In response to the proven effectiveness of DAA drugs in curing Hepatitis C, two prominent professional associations of physicians specializing in the treatment of liver disease, the American Association for the Study of Liver Disease ("AASLD") and the Infectious Disease Society of America ("IDSA"), issued new joint recommendations for the treatment of chronic

Hepatitis C in June 2016. The joint recommendation recognized that the new DAA drugs provided a "virologic cure" for chronic Hepatitis C and recommended that DAA drugs be administered to "all patients with chronic [Hepatitis C] infection" except those with short life expectations in which transplantation or other direct treatment was not available. It also noted that delays in treatment of Hepatitis C with DAA drugs reduced the effectiveness of the drugs. [Footnote omitted]. These joint recommendations of the AASLD and IDSA were subsequently endorsed by the CDC as [] "evidence-based, expert-developed recommendations for hepatitis C management." [Footnote omitted].

Id
. at 1. Thus, the court found that Cunningham's Complaint could state a plausible Eighth Amendment claim, stating:
In reaching the conclusion that Plaintiff has plausibly set forth a claim under the Eighth Amendment, the Court is mindful of the rapidly evolving medical and legal issues generated by the FDA's approval of a new generation of highly effective and curative DAA drugs, the recent pronouncements of professional organizations of liver specialists stating that treatment of essentially all patients with chronic Hepatitis C with DAA drugs is now the standard of care, and the endorsement of these new recommendations by the CDC. The Court is also aware of recent court decisions which have recognized the potential significance of these developments in addressing claims of state and federal inmates with chronic Hepatitis C who have been denied treatment with DAA drugs. See Allah v. Thomas, ___ Fed. Appx. ___, 2017 WL 568313 (3rd Cir. Feb. 13, 2017) (reversing district court's dismissal of state inmate's Eighth Amendment claim for refusal to provide treatment with DAA drugs); Postawko v. Missouri Department of Corrections, C.A. No. 2:16-4219-NKL, 2017 WL 1968317 (W.D. Mo. May 11, 2017) (denying defendants' motion to dismiss state inmate's Eighth Amendment claim for denial of DAA drugs for chronic Hepatitis C); Bernier v. Trump, C.A. No. 16-828 (APM), 2017 WL 1048053 (D.D.C. Mar. 17, 2017) (denying motion to dismiss BOP inmate's Eighth Amendment claim for denial of DAA drugs); Henderson v. Tanner, C.A. No. 15-804-SDD-EWD, 2017 WL 1015321 (M.D. La. Mar. 15, 2017), adopting Report and Recommendation 2017 WL 1017927 (Feb. 16, 2017) (denying motion to dismiss state inmate's Eighth Amendment claim for refusal to treat with DAA drugs); Abu-Jamal v. Wetzel, C.A. No. 3-16-2000, 2017 WL 34700 (M.D. Pa. Jan. 3, 2017) (granting preliminary injunctive relief to state prisoner with chronic Hepatitis C and directing prison officials to provide plaintiff DAA drug treatment).
Id. at 5.

Aside from the decision in Abu Jamal, the undersigned has found no case that awarded a preliminary injunction with respect to the treatment of Hepatitis C. Moreover, the preliminary injunction in that case was awarded after the defendants had responded to both the complaint and the motion for preliminary injunction. In addition, the court relied on three days of hearings conducted in Mr. Abu-Jamal's previous complaint regarding hepatitis C treatment, in which the court found as a matter of law that the Pennsylvania's DIC policy violated the Eighth Amendment but concluded that the defendants before it were not the proper parties against whom an injunction could issue.
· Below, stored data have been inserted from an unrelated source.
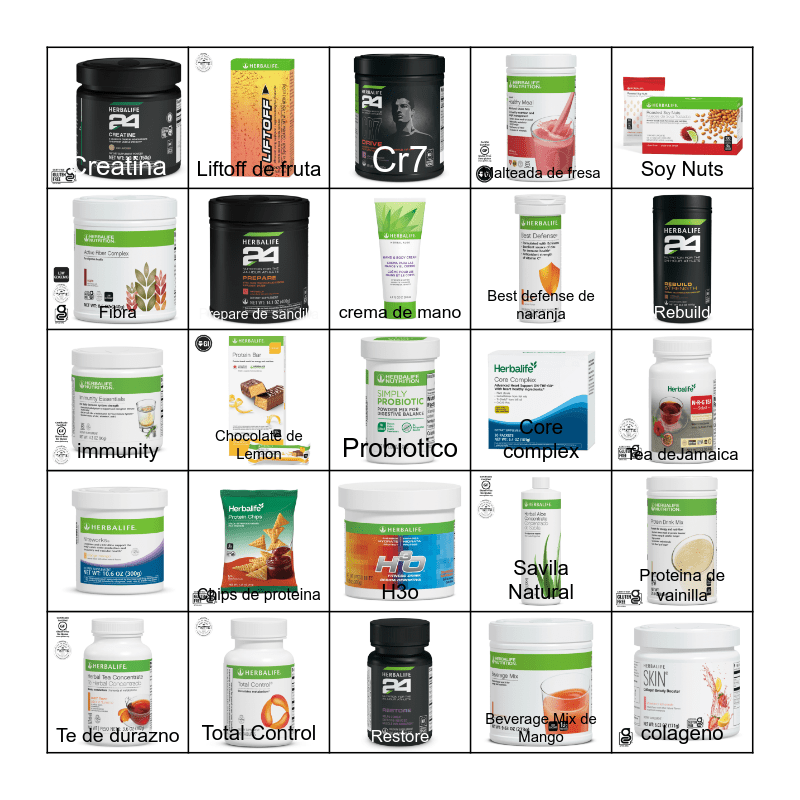 This bingo card has 25 images and 24 words: Total Control, Probiotico, Beverage Mix de Mango, Soy Nuts, Creatina, Liftoff de fruta, Cr7, Core complex, Proteina de vainilla, Fibra, Prepare de sandilla, Restore, Savila Natural, Rebuild, Te de durazno, Chocolate de Lemon, crema de mano, Best defense de naranja, Tea deJamaica, immunity, Chips de proteina, H3o, Malteada de fresa and colageno.
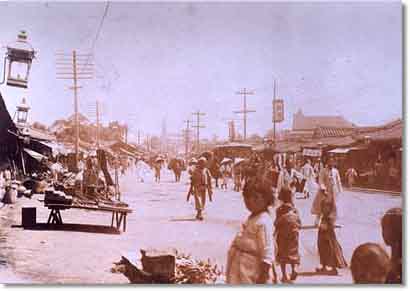 Àü½ÅÁÖ°¡ µµ·Î ¾çÆí¿¡ ¼ ÀÖ°í ÇàÀεéÀÇ ¿Õ·¡°¡ ºó¹øÇÏ´Ù. ¿ÜÂÊ »ó°¡¿¡´Â 1902³â 10¿ù ÇѼºÀü±âȸ»ç°¡ óÀ½ °¡¼³ÇÑ
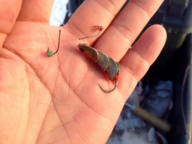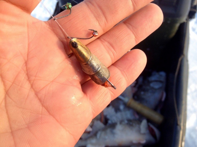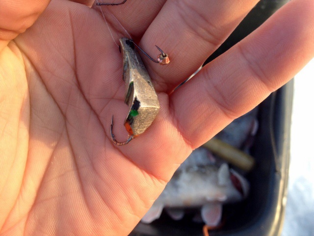 А я опять на Маяке был, который в р-не Курумоча, снова на гондурас, сегодня одинадцать окуней, почти три с половиной кило, самый большой 550 грамм. Выяснилось, что лучше и крупней ловится на крупный гондурас. С утра вхолостую ходил,одного вытащил, после гондурас побольше повесил, дело пошло. На глубине с течением маленьким плохо ловить - сносит. И не клюет. Вернее клюёт, но редко. На фото мой гондурас, спаял года два назад, только сегодня испытал, берёт взаглот его, саму блесну. Надо ещё таких наделать, а то в единственном экземпляре, было два, один подарил.
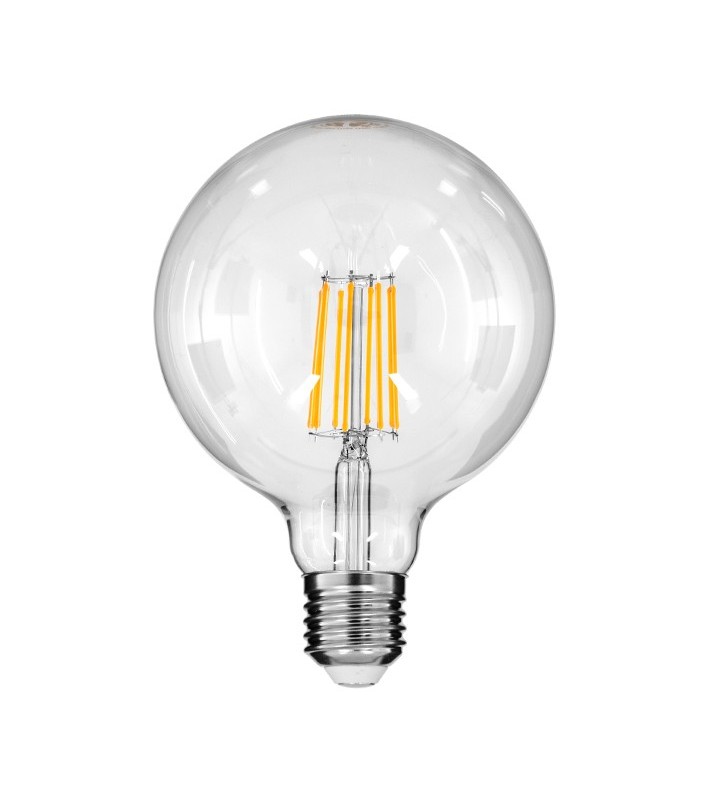 GloboStar® 99014 Λάμπα E27 G125 Γλόμπος LED LONG FILAMENT 12W 1320 lm 320° AC 85-265V Edison Retro με Διάφανο Γυαλί Θερμό Λευκό 2700 K Dimmable
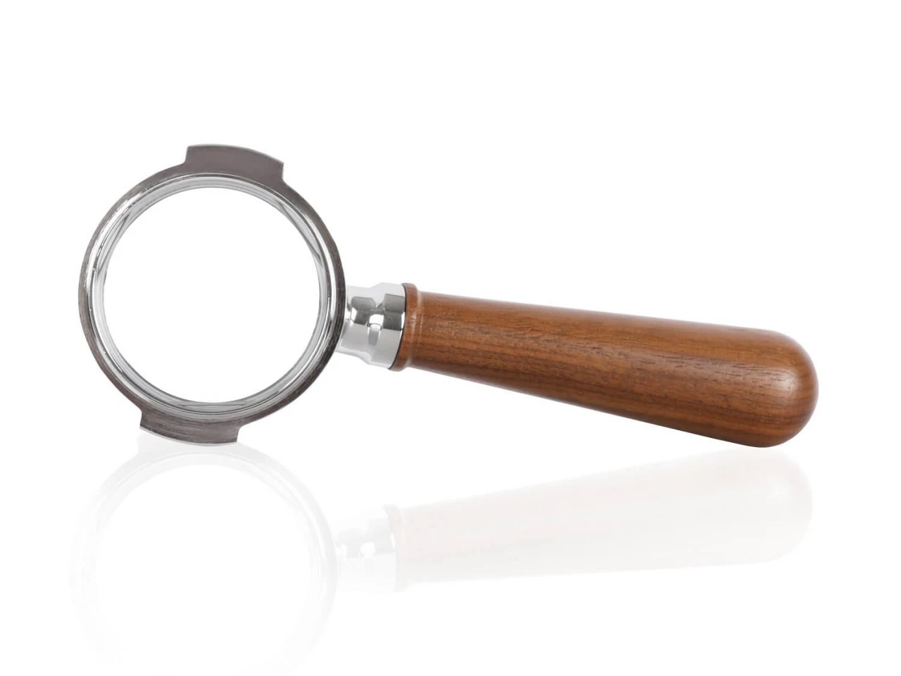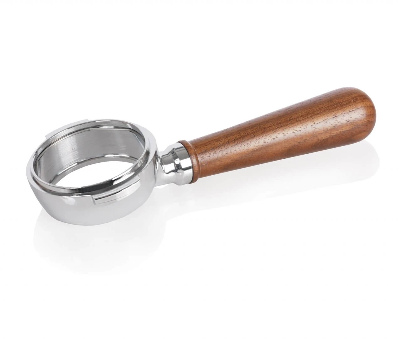Bodenloser Siebträger für die 61er Brühruppe Holzgriff – 6,3mm Flügel (dünne Backen).
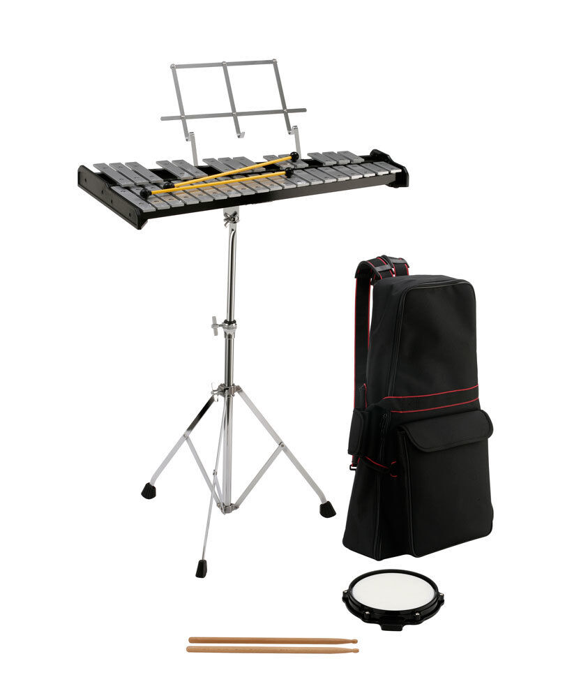 • Opus Percussion Bell Kit with 32-Note Glockenspiel, Stand, Mallets, Sticks, Practice Pad & Carrybag
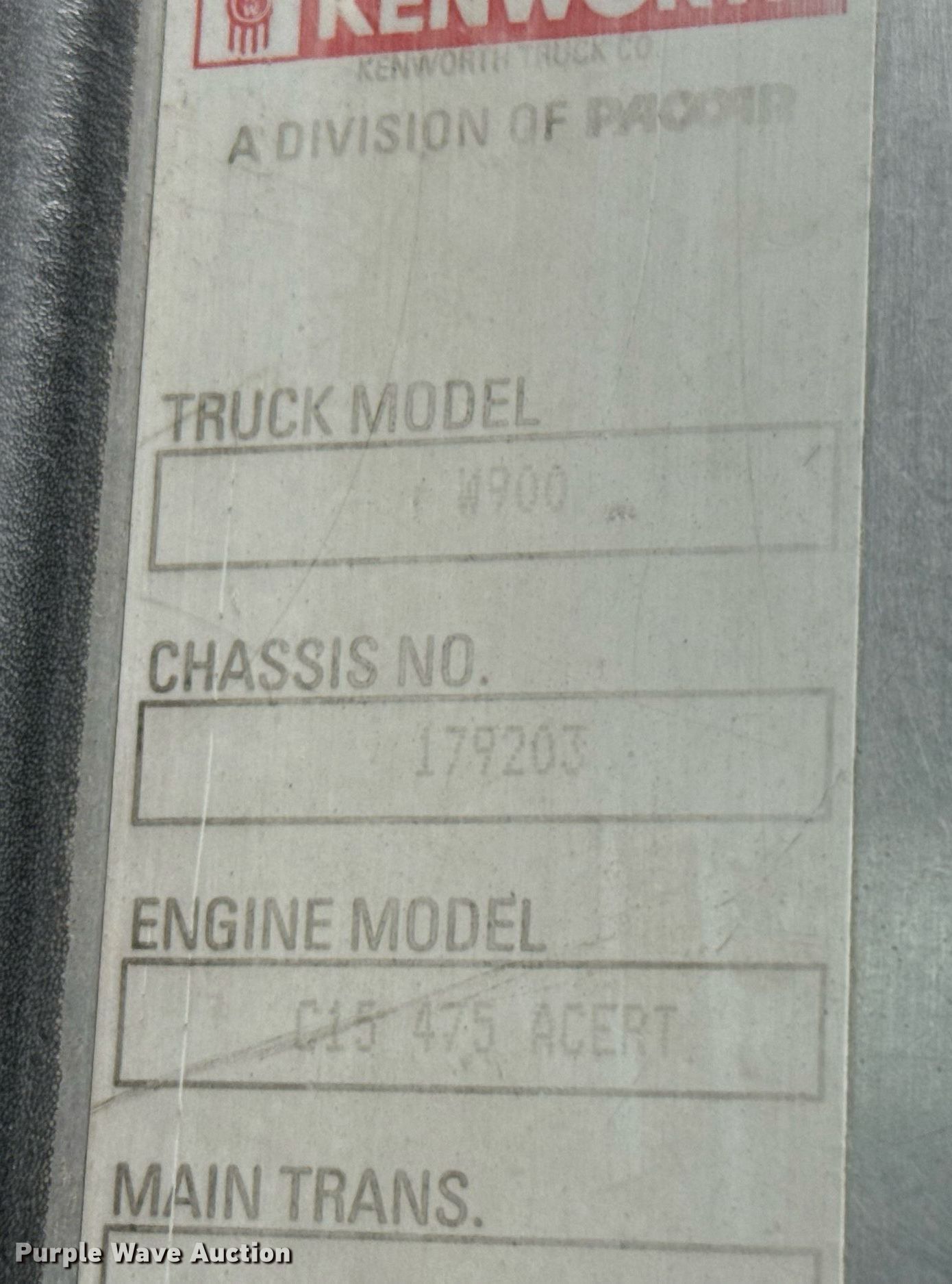 2007 Kenworth W900 semi truck. Miles: 1,440,743 on odometer, Hours: 16,758 on meter, VIN: 1XKWDB9X37J179203, Unit #: L209. Engine Caterpillar C15 475 Acert, Cylinders: 6, Fuel type: Diesel, Engine brake. Transmission Eaton, Manual. Chassis Axles: Tandem, Gear ratio: 3.36, Differential lock: Inter-axle, Suspension: Air Dump valves, Brakes: Air, GVWR: 48,000 lbs. Interior AC, Heat, Heated mirrors, Power windows, Power locks, Cruise control, Air ride cab, Sleeper Model: AeroCab, Sleeper length: 60", Beds: Single, Refrigerator, Rear climate control. Features Deck plate: Aluminum, Fifth wheel type: Air operated, Sliding, Fuel tank: Dual. Tires Front: 315/80R22.5, Rear: 285/75R24.5. Notes Dash warning indicator: ABS, Windshield chipped or cracked, Dead battery, Coolant leak at radiator cap. Texas title. Title has a lien that will be released following the close of the auction. Title distribution may be delayed up to 30 days from verification of funds. River Road Aggregates. San Angelo, TX 76903

While the plaintiff's complaint may state a claim for relief sufficient to survive summary dismissal, it fails to establish an entitlement to a preliminary injunction. Specifically, the undersigned notes that this is the second complaint which the plaintiff has filed with respect to his Hepatitis C. See 3:15cv120. In the first case, the plaintiff was challenging a policy he maintains prohibited treatment of inmates with stage II fibrosis of the liver. The case was ultimately dismissed on January 20, 2017, and his appeal was dismissed on April 24, 2017, for failure to prosecute.

In Cunningham, the plaintiff's claims for injunctive and declaratory relief survived a motion to dismiss, and it appears the parties subsequently settled all outstanding claims. However, no preliminary injunction was entered. --------

In the instant case, the plaintiff again alleges that Wexford Health is maintaining unconstitutional policies, customs and practices to deny him adequate and necessary treatment. The court does not yet have before it any specific information regarding Wexford's policy on treatment of Hepatitis C for inmates in West Virginia, nor does the Plaintiff specify the policy, or portion of the policy he believes is unconstitutional by demonstrating deliberate indifference. However, it appears that Wexford relies on a number of factors, including the stage of fibrosis, blood test results, APRI scores. Moreover, a specialist monitors all patients with Hepatitis C. ECF No. 23-1 at 8.

Therefore, based on the record before the court, the plaintiff has not made the necessary showing that he is likely to succeed on the merits. In addition, the plaintiff was diagnosed with Hepatitis C in or about November of 1999, and there is no evidence to suggest that his condition has deteriorated since his last case was filed nearly three years ago. Therefore, he also fails to establish that he will suffer irreparable harm in the absence of a preliminary injunction.

RECOMMENDATION

Accordingly, for the reasons stated herein, the undersigned respectfully RECOMMEND that the plaintiff's Motion for Injunction [ECF No. 8] be DENIED WITHOUT PREJUDICE.

Within fourteen (14) days after being served with a copy of this Report and Recommendation, any party may file with the Clerk of Court written objections identifying those portions of the recommendation to which objections are made and the basis for such objections. Failure to file written objections as set forth above shall constitute a waiver of de novo review by the District Court and a waiver of appellate review by the Circuit Court of Appeals. Snyder v. Ridenour, 889 F.2d 1363 (4th Cir. 1989); Thomas v. Arn, 474 U.S. 140 (1985); Wright v. Collins, 766 F.2d 841 (4th Cir. 1985); United States v. Schronce, 727 F.2d 91 (4th Cir. 1984).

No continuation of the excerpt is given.